Hi,
I am trying to detect differentially expressed genes in a RNA-seq dataset affect by batch effect due to different isolation protocols used in the wet lab during dataset generation.
Below, a snippet of the code I used to model my data:
rna_dds <- DESeqDataSet(rna_se, design = ~ RNA.Isolation.method + Type)
rna_dds <- DESeq(rna_dds, test = "LRT",
fitType = "local",
full = design(rna_dds)
reduced = ~ RNA.Isolation.method,
parallel = F,
quiet = T)
rna_dds <- rna_dds[!rowRanges(rna_dds)$allZero,]
I can get results as follow:
rna_LTR <- results(rna_dds, alpha = 1e-4)
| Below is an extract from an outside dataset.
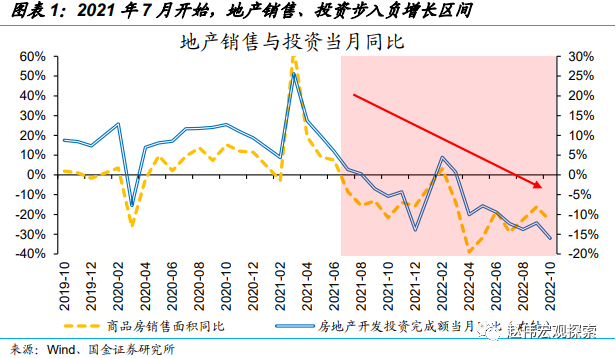 地产延续低迷,央地密集出台调控措施,政策导向从“纠偏供给”到“稳需求、稳供给”再到“供需齐发力”。受房企“三道红线”、银行房地产贷款集中管理等政策影响,地产销售、投资相关指标于2021年7月步入负区间。在此背景下,2021年10月开始出台“保证信贷平稳有序投放”等“供给纠偏”措施、随后不断加码;2022年1月,三四线城市开始出台地产销售端放松政策,地产政策逐步向“稳销售”过渡;今年7月,政治局会议强调“支持刚性和改善性住房需求,保交楼、稳民生”,指向供需两侧支持力度均开始加大。

rna_batch <- results(rna_dds,
contrast = c("RNA.Isolation.method", "P1", "P2"),
test = "Wald",
lfcThreshold = .5,
altHypothesis = "lessAbs",
alpha = 0.05)
rna_trt1 <- results(rna_dds,
contrast = c("Type", "trt1", "control"),
alpha = 1e-4,
test = "Wald",
lfcThreshold = 2)
rna_trt2 <- results(rna_dds,
contrast = c("Type", "trt2", "control"),
alpha = 1e-4,
test = "Wald",
lfcThreshold = 2)
If I understood correctly, now rna_LTR will contain the pvalues for differences in Type between the two models ~ RNA.Isolation.method + Type vs ~ RNA.Isolation.method, those should take into account the batch effect due to the extraction protocol. rna_batch on the other hand should contain pvalues for genes that are weakly affected by the extraction protocol (because I used an altHypothesis = lessAbs). rna_trt1 should contain pvalues (and log2FoldChanges) for the DEG between trt1 and control. rna_trt2 should contain pvalues (and log2FoldChanges) for the DEG between trt2 and control.
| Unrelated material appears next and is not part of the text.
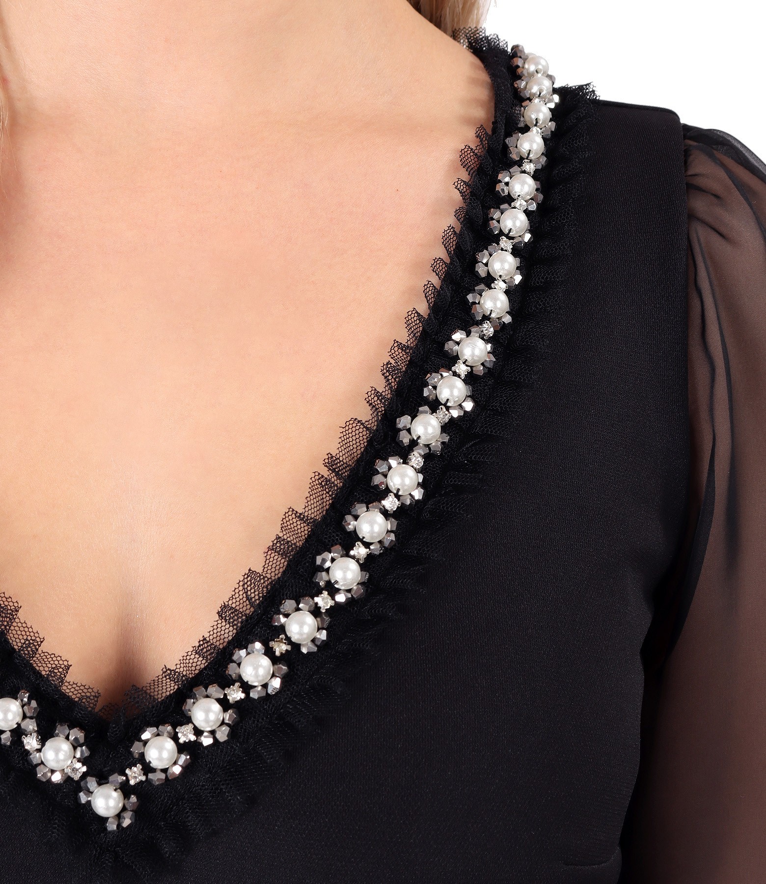 Rochie eleganta, captusita, cu maneci lungi din voal incretite la terminatie, cu decolteu adanc in V si pasmanterie cu perle la decolteu. Se inchide cu fermoar ascuns pe mijloc spate.

My question is, is it safe to use pvalues from rna_LTR and log2FoldChanges from rna_trt1 and rna_trt2 to detect differentially expressed genes? Should I take into account pvalues also from rna_batch? If yes, how? e.g.
res <- data.frame(
trt1vctrl = rna_trt1$log2FoldChange,
trt2vctrl = rna_trt2$log2FoldChange,
LTR_padj = rna_LTR$padj,
row.names = rownames(rna_dds))
res <- res[!apply(res, 1, function (r) any( is.na( r))), ]
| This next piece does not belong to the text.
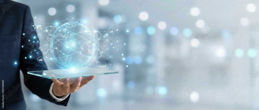 Modern business technology virtual communication and data networking concepts in a digital environment #1925380661

rna_res[ rna_res$LTR_padj < 1e-4 &
abs(rna_res$trt1vctrl) > 2 &
abs(rna_res$trt2vctrl) > 2, ]
Thanks for your answer! :)
Hi Michael, Thanks for your answer! I generated that object (
rna_batch) because I was interested in visualizing the genes affected by the batch effect and being able to report a p-value for the difference. I was looking for genes with consistent expression across batches.I am aware that, when using LRT, p-values refer to the test between more than two variable levels, and that's why I used it instead of the standard Wald test. I am looking for genes that behave differently across sample types albeit the RNA isolation protocol used. So if I interpreted your answer correctly, filtering for LRT p-value and pairwise LFC will return what I am looking for. Right?
Also, from your previous answer a question arise, what's the difference between using "contrast" and "name"? I have been always thinking that they would extract the same things.
rna_LTR_trt1 <- results(rna_dds, alpha = 1e-4, contrast = c("Type", "trt1", "ctrl")) # this will return LFC for trt1 vs ctrl and pvalues for LRT across the three sample typerna_LTR_trt1 <- results(rna_dds, alpha = 1e-4, name = "Type_trt1_vs_ctrl")) # wouldn't this return the same?Yes, you are right those two will return the same. I wasn't sure why you were generating the additional Wald test p-values but I suppose you want to do something with those. I typically would just consider the set of genes which are significant by the LRT, and then work with the LFCs of the two comparisons directly.